Moxel VRAM Pooling

Moxel Benchmark Results

These are AuvaLabs internal benchmark results demonstrating Moxel's VRAM pooling technology on the same consumer GPU hardware available to the community. The methodology is fully public and auditable — only the pooling implementation remains proprietary.

What is Moxel?

Moxel is a VRAM pooling layer that presents multiple physical GPUs as a single unified memory space to the inference engine. This allows models that exceed a single GPU's VRAM to run without tensor parallelism overhead, and maintains throughput under concurrent load where naive TP collapses.

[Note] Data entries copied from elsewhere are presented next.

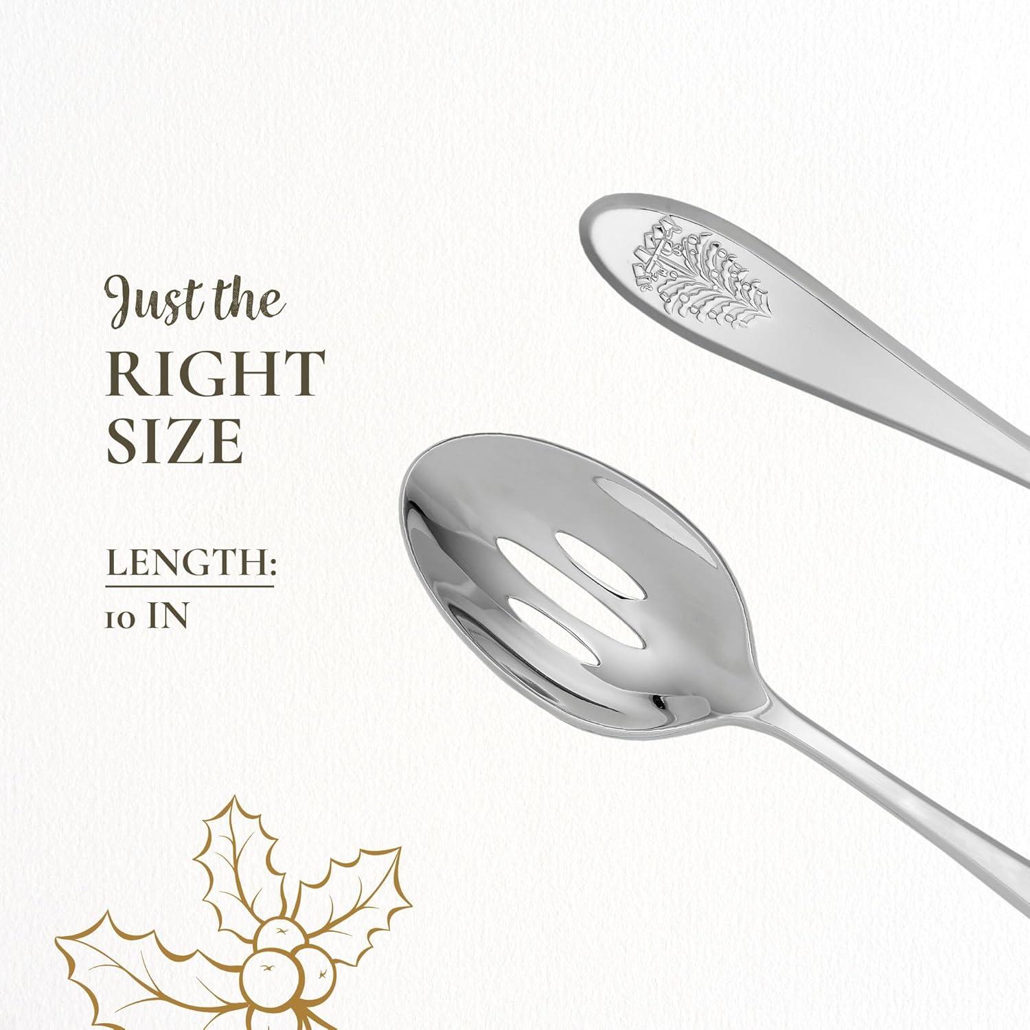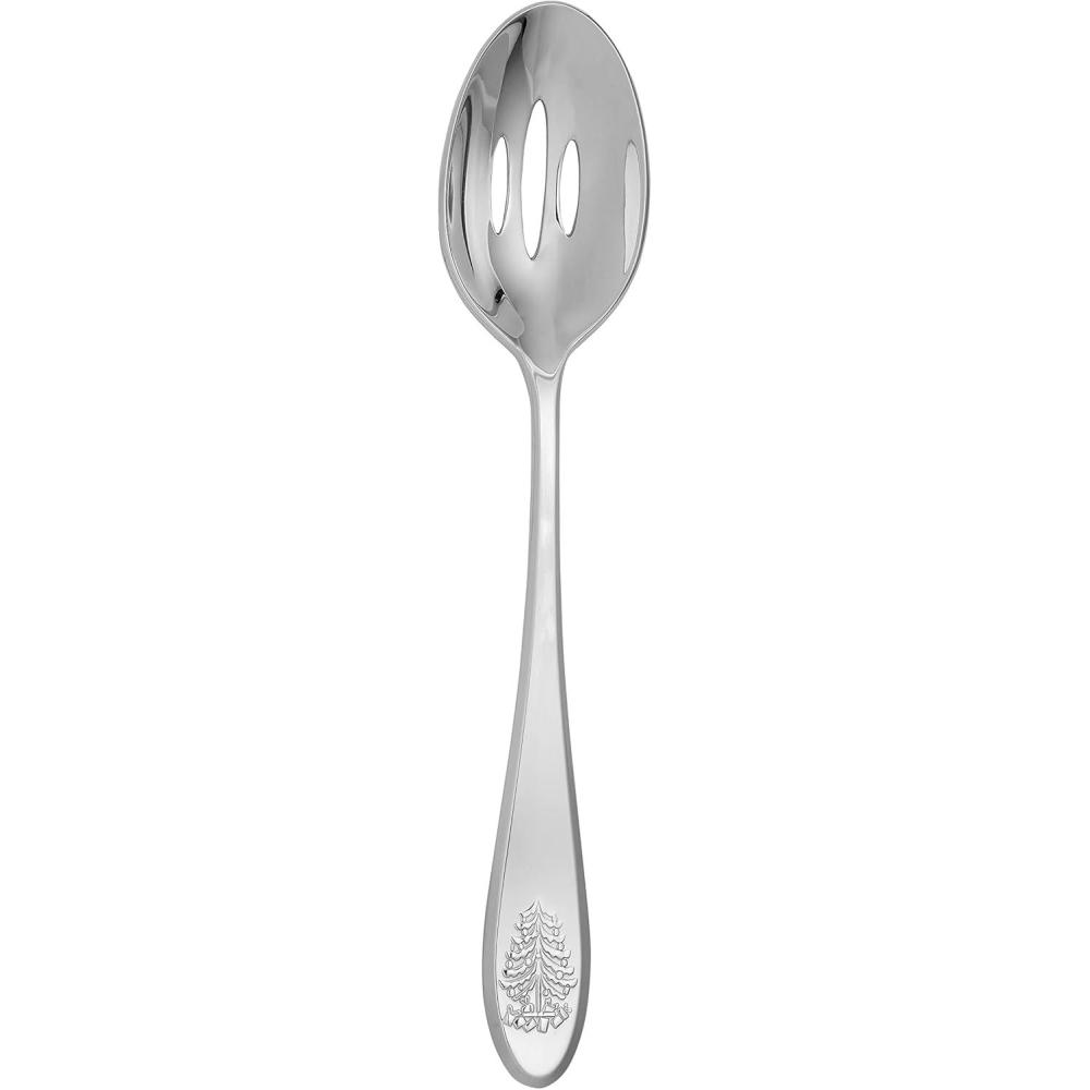Spode Christmas Tree Serving Fork, Holiday Flatware for Your Favorite Christmas Dishes, 18/10 Stainless Steel Cutlery for Festive Table Settings, 10-Inch Dishwasher Safe Holiday Utensils(Slotted Serving Spoon)
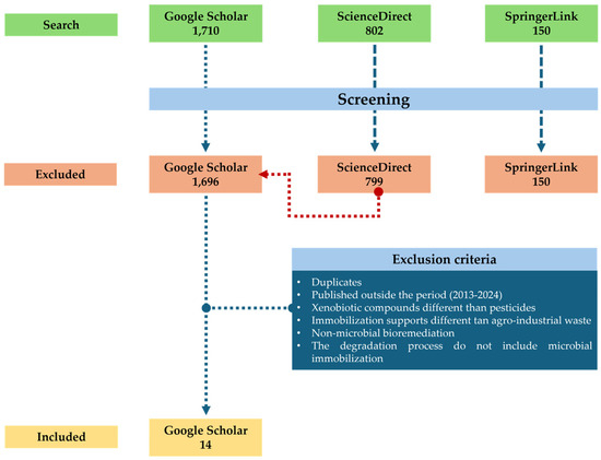 Based on the information obtained from the systematic search across three databases (Google Scholar, Science Direct, and Springer Link), using the search equation (microorganism + immobilization + pesticide + agro-waste + water) for the period 2013–2024, a total of 1710 articles were found on Google Scholar. Of these, only 14 articles (0.82%) met the inclusion criteria (Table 1), while the remaining 1695 were excluded for failing to meet the established criteria. In Springer Link, 150 articles were found. However, none of these articles met the inclusion criteria. In ScienceDirect, 802 articles were identified, of which only three met the inclusion criteria; however, these three studies had already been identified in Google Scholar, so they were discarded (Figure 1). A data matrix was generated in Windows-Excel with the information of all the identified articles. After filtering them according to the inclusion and exclusion criteria, the selected articles were reviewed by at least three authors independently.
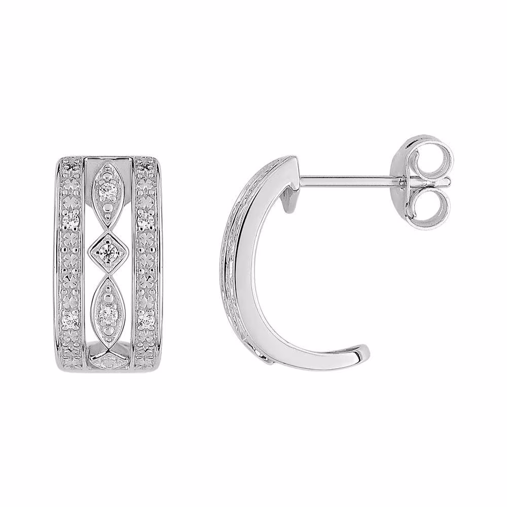 Démi créoles en or blanc rhodié et 7 diamants

Key Numbers: 4× RTX 4090 (96 GB pooled)

Naive TP · c=4 batch latency
6.1s
per batch
Moxel · c=4 batch latency
2.4s
per batch
Improvement at c=4
2.5×
lower latency
Addressable VRAM
96 GB
4× 24 GB

Mixtral 8x7B — Batch Latency by Concurrency

Configuration Hardware c=1 latency c=2 latency c=4 latency c=8 latency VRAM Used
Moxel Pooling 4× RTX 4090 0.9s 1.4s 2.4s 4.1s 92 / 96 GB
Naive TP 4× RTX 4090 1.1s 2.3s 6.1s —* 92 / 96 GB

* Naive TP at c=8 caused OOM errors on this model. Moxel's pooled address space handles the KV cache growth gracefully.

Methodology note: These results were produced on AuvaLabs hardware using the same CLI benchmark suite available to the community (v1.0 methodology). The only difference is the moxel_pooling configuration, which uses proprietary VRAM pooling instead of vLLM's built-in tensor parallelism.

All results are stored with status = internal_verified in the leaderboard database. The full methodology specification is available at methodology/spec.md . An arXiv paper with detailed analysis is forthcoming.